Joe Sloan didn’t meet Cutter Boley for the first time when he landed in Lexington this week.
"Cutter and I have been around each other every day (since arriving)," Sloan said. "I recruited him back when he was in high school, so we’ve had a longstanding relationship."
Kentucky Football OC Joe Sloan on Cutter Boley:
— Cats Coverage (@Cats_Coverage) December 17, 2025
“Cutter and I have been around each other every day (since arriving to Lexington). I’m excited to work with him.”
He continued, “I recruited him back when he was in high school, so we’ve had a longstanding relationship.” pic.twitter.com/UsthPRPy9S
That trust matters, because Boley’s path has already been bumpy. He committed as the homegrown hero when Mark Stoops was still in charge, sat behind Brock Vandagriff, then got thrown into a disaster of a Louisville game where the team lost 41-14. Heading into 2025, he was supposed to sit behind Zach Calzada, but an injury opened the door and Boley never gave the job back.

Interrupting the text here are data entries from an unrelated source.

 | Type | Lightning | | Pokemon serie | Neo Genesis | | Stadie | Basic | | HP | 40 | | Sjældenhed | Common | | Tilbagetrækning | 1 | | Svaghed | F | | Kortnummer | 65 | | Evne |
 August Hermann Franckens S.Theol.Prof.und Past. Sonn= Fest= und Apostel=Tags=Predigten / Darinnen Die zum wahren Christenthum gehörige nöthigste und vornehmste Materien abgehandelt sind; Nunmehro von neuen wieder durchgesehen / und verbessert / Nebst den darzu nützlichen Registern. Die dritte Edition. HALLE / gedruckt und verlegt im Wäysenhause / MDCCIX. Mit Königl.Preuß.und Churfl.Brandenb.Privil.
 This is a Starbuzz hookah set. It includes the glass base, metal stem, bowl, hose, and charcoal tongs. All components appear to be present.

After Stoops was fired, there was a moment where he said he was thinking about leaving, that seems to have past for now. With the Transfer Portal still open until into January, you can never be sure.

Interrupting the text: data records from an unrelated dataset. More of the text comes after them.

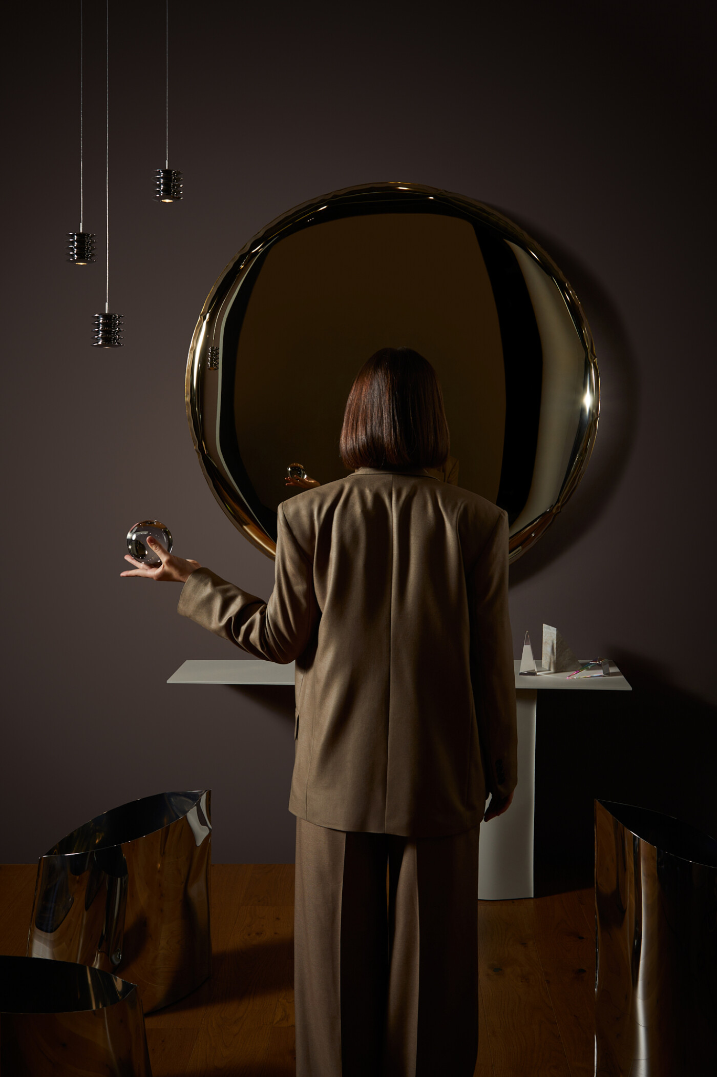 Our philosophy is reflected in metal surfaces that are never exactly the same. Seemingly soft, but metal. Seemingly full, but empty inside. Sculpture-mirrors, mirror-sculptures tables, seatings and accessories are the result of the FiDU proprietary production process. They are a mirror of research into the physical properties of the material, which, so to speak, determines their final, unique form.
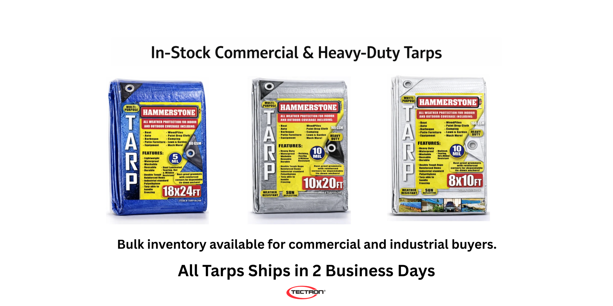 Tarps are stocked and ready to ship, not drop-shipped.
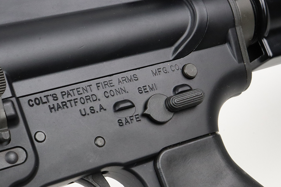 3/20/24 – This is a Colt AR-15 semi auto rifle, chambered in 5.56mm. Fitted with a muzzle attachment and adjustable rear stock. Comes with one Colt magazine. Virtually no signs of wear or use. Mint bore.
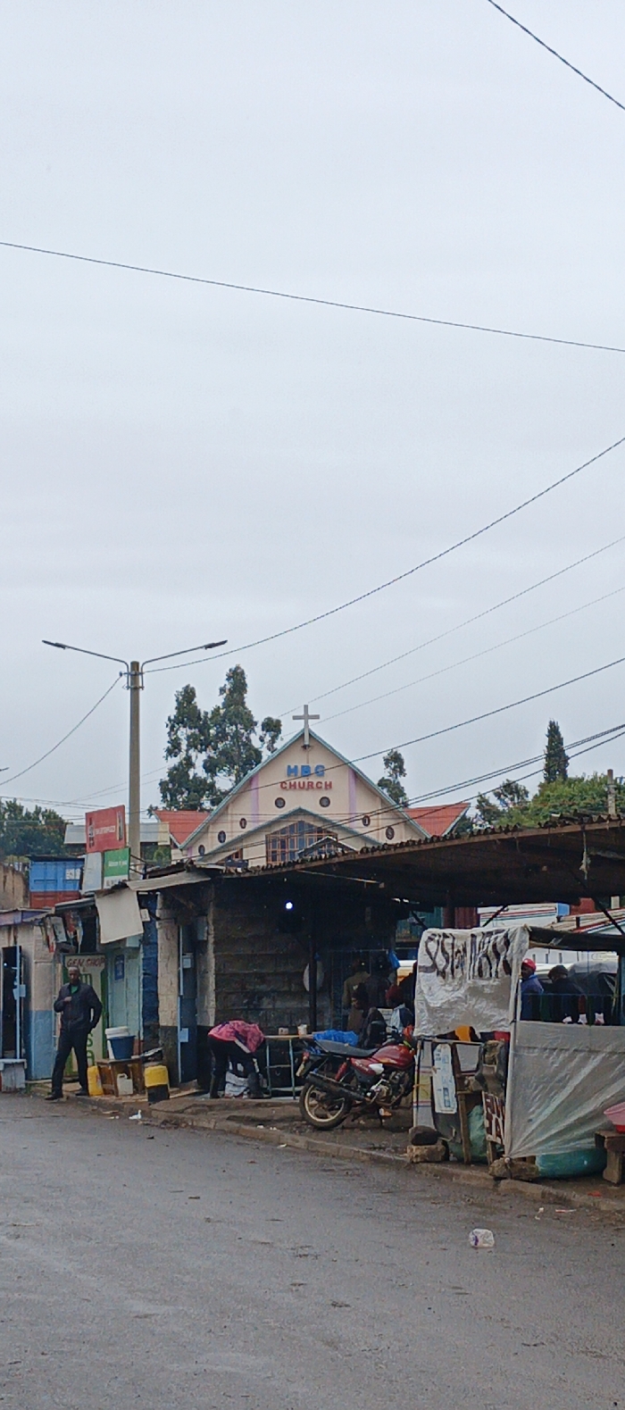 A street scene features a small church in the background with "HBG CHURCH" displayed above a cross on its roof. Below, the foreground is filled with informal roadside businesses under corrugated iron roofs. People are present, some standing near the storefronts and another bending over at their work. A red motorcycle is parked among the structures. Power lines crisscross the cloudy sky above. The wet pavement suggests it has been raining recently.

The arm talent is SEC-ready but Cutter Boley's turnover numbers are scary
The production shows exactly why coaches and fans are tantalized by his talent. In the 2025 season, Boley completed 65.8 percent of his passes for 2,160 yards and 15 touchdowns. He can make every throw on the field.
But the problem is the other column: 16 interceptions and 33 sacks taken.

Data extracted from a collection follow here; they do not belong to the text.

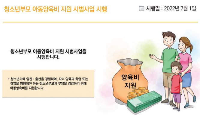 여성가족부는 청소년부모 아동양육비 지원 시범사업을 2022년 7월1일부터 시행한다고 발표하였다.
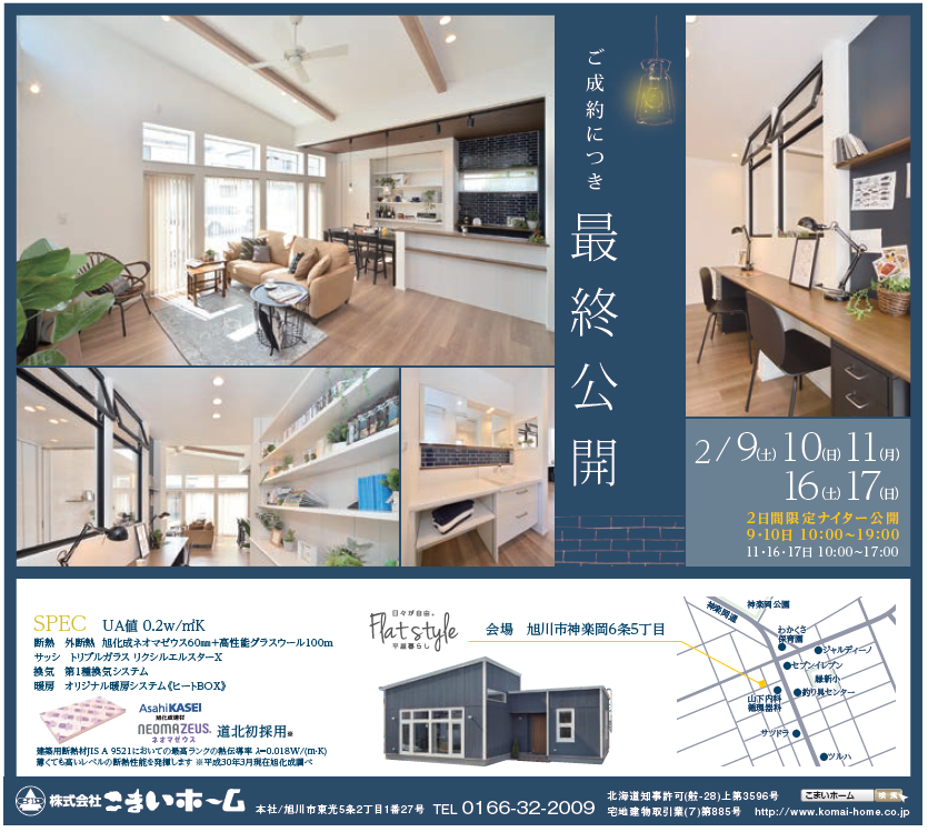 2018年春より公開をしておりました神楽岡モデルハウスのご成約を頂きまして、2/17㈰を持ちまして、公開終了の運びとなりました。
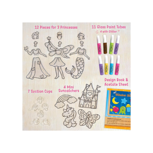- PRINCESSES & UNICORNS: Paint the different parts of the Princess, Mermaid & Fairy in glittering glass paints and then add a Unicorn to complete the scene and transfrom the window in to a beautiful dreamland!
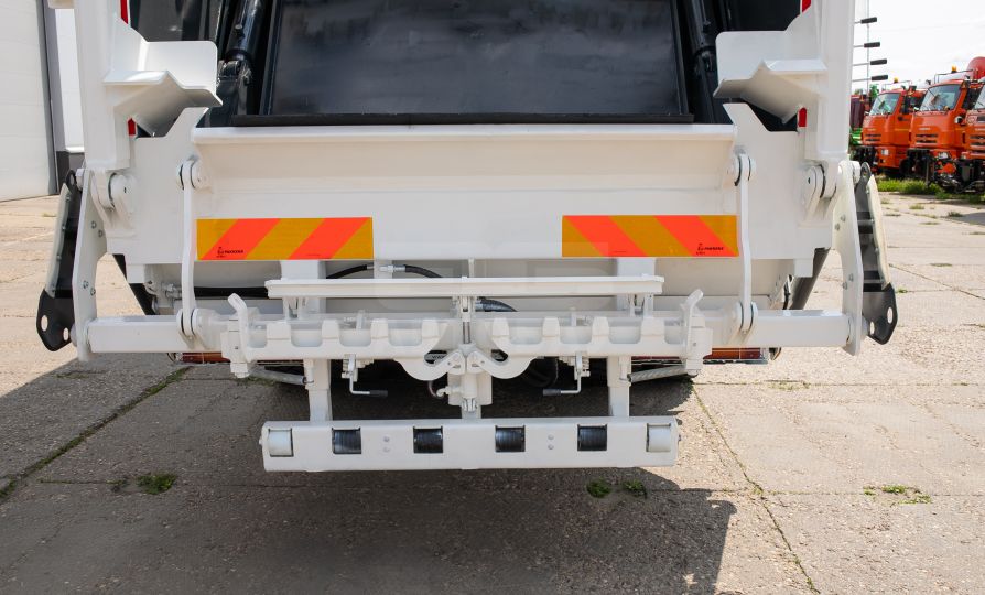Мусоровоз имеет прессующую плиту, изготовленную из высокопрочной стали, выполняющую функцию забора и прессования отходов из загрузочного бункера в основной (приводится в действие четырьмя гидроцилиндрами), и выталкивающую плиту, которая выполняет функцию обратной нажимной пластины и позволяет производить процесс подпрессовки. В зависимости от плотности отходов, коэффициент уплотнения может увеличиваться до 1:6.
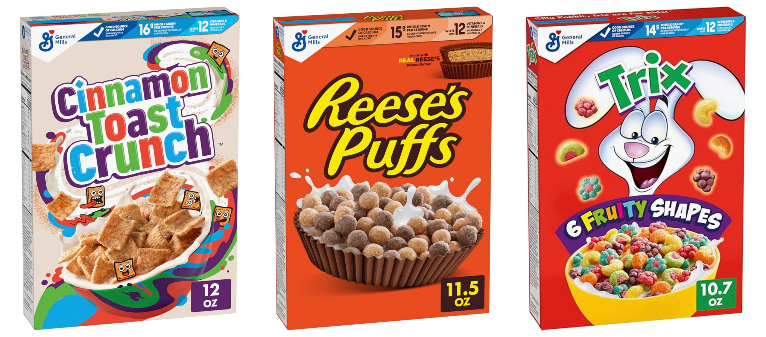 Cheerios, Honey Nut Cheerios, Reese’s Puffs, Cinnamon Toast Crunch, & Trix!

That is a turnover ratio that loses you games in the SEC. Some of that is protection issues, sure. But a lot of it is "hero ball." It's holding onto the ball for 3.5 seconds trying to hit a 40-yard bomb when the check-down is open. It's forcing a slant into double coverage because you trust your arm too much.
Adam Luckett of On3 recently said Boley is projected to be Kentucky’s QB1 in 2026. If that is where this is headed, Sloan’s first big project is obvious: keep the accuracy, keep the aggression, but slash the mistakes.
The good news? This is exactly what Joe Sloan was hired to do. He is a developer. His job is to pair Boley’s arm with Will Stein’s efficient scheme, teaching Boley that a boring 6-yard completion is better than a risky 50-yard incompletion. He was Jayden Daniels' QB coach when Daniels won the Heisman so there is definitely some history there.
If that happens, the Louisville loss becomes a footnote in a great career. If it doesn’t, and the turnovers continue, the "offensive powerhouse" vision is going to feel a lot farther away than BBN wants.